Hence, the sale of eggs on Sunday is Rs 80.

11. The ratio of copper and zinc in an alloy is 9: 7. If the weight of zinc in the alloy is 9.8 kg, find the weight of copper in the alloy.

Solution:

It is given that

Ratio of copper and zinc in an alloy = 9: 7

We know that

If the weight of zinc is 7 kg then the weight of copper is 9 kg

If the weight of zinc is 1 kg then the weight of copper = 9/7 kg

So if the weight of zinc is 9.8 kg then the weight of copper = 9/7 (9.8) = 12.6 kg

Hence, the weight of copper in the alloy is 12.6 kg.
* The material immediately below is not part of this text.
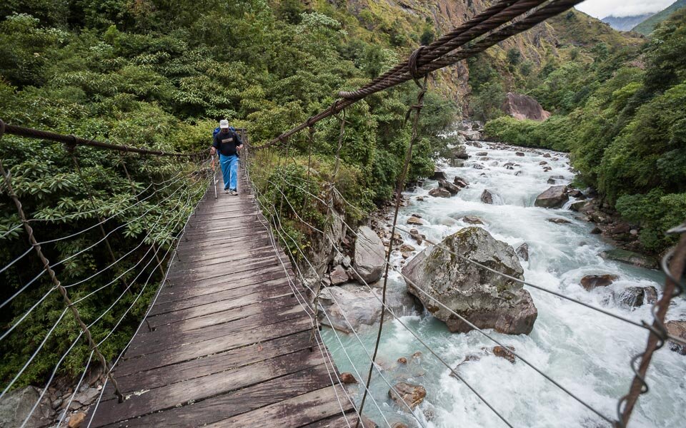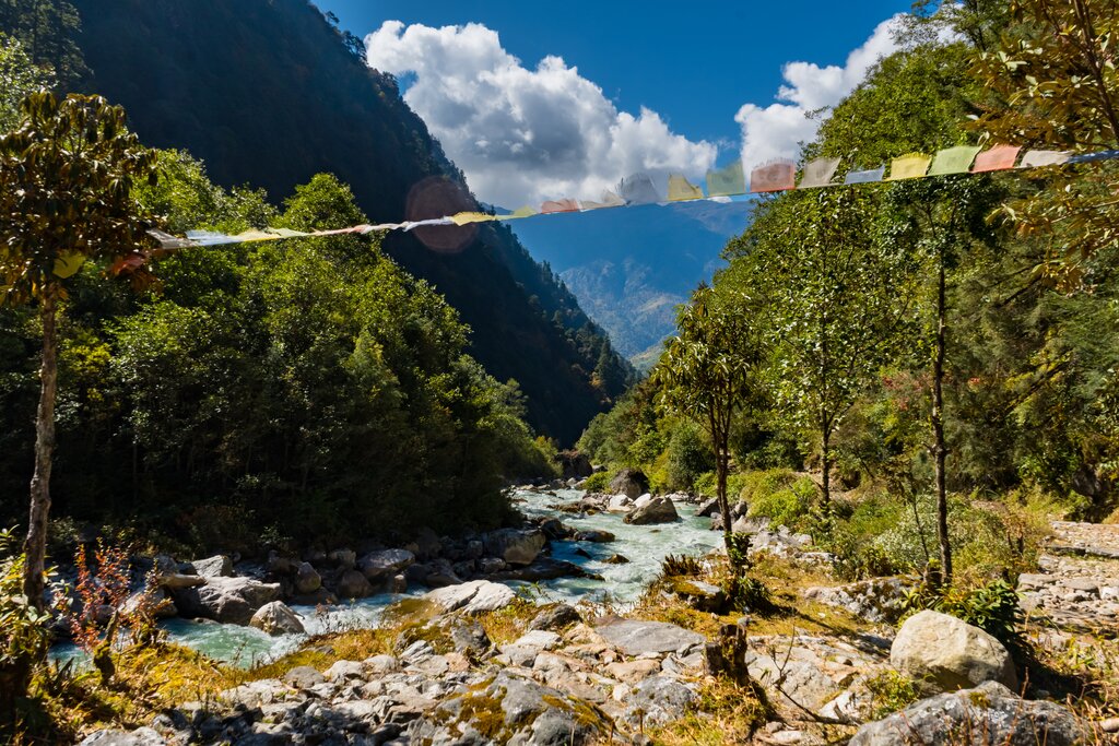 And you’re off! Lace up your hiking boots for the first leg of your trek to the Kanchenjunga Base Camps. Today’s route will take you across suspension bridges, making your way through dense forests and along steep gorges as you follow a riverside trail. You’ll stop in the village of Solima for lunch before continuing over more suspension bridges on a rigorous ascent up to 8,070 feet (2,460 m), passing rhododendron trees on your way to the small hillside village of Amjilosa, where you’ll overnight. In total, the day’s hike takes about five hours.
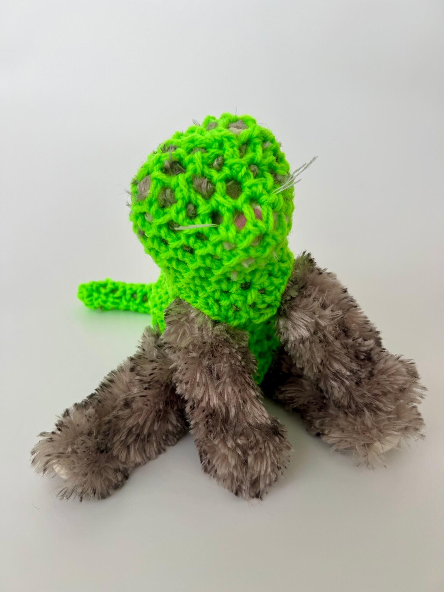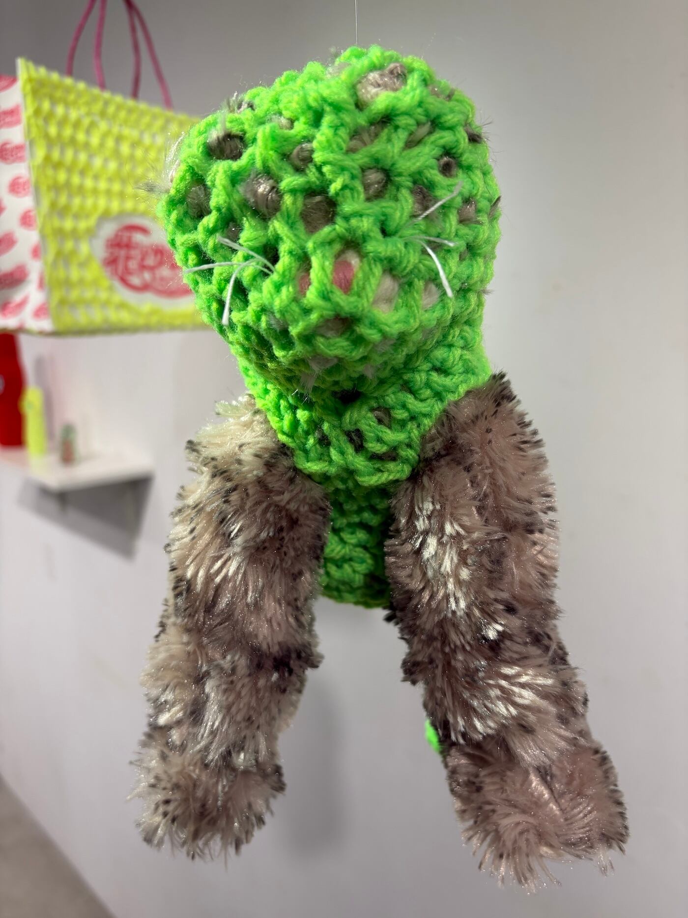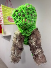 Crochet artist. Beginning with a graphic design approach, she started creating three-dimensional works featuring geometric motifs, aiming to express hard textures using soft materials through crochet. While experimenting with crochet techniques, she recently began creating strange creatures inspired by fungi and other organisms.

12. The ratio of the income to the expenditure of a family is 7: 6. Find the savings if the income is Rs 1400.

Solution:

It is given that

Ratio of the income to the expenditure of a family = 7: 6

We know that saving = total income – expenditure

So we get

Ratio of saving to the income = [7 – 6]: 7 = 1: 7

It is given that income = Rs 1400

So the saving of the family = 1/7 (1400) = Rs 200

Hence, the saving of the family is Rs 200.

13. The ratio of story books in a library to other books is 1: 7. The total number of story books is 800. Find the total number of books in the library.

Solution:

It is given that

Ratio of story books in a library to other books = 1: 7

Consider the ratio as x

So the number of story books = x

Number of other books = 7x

We know that

Total number of story books = 800

Number of other books = 7 × 800 = 5600

Total number of books = 5600 + 800 = 6400

Hence, the total number of books in the library is 6400.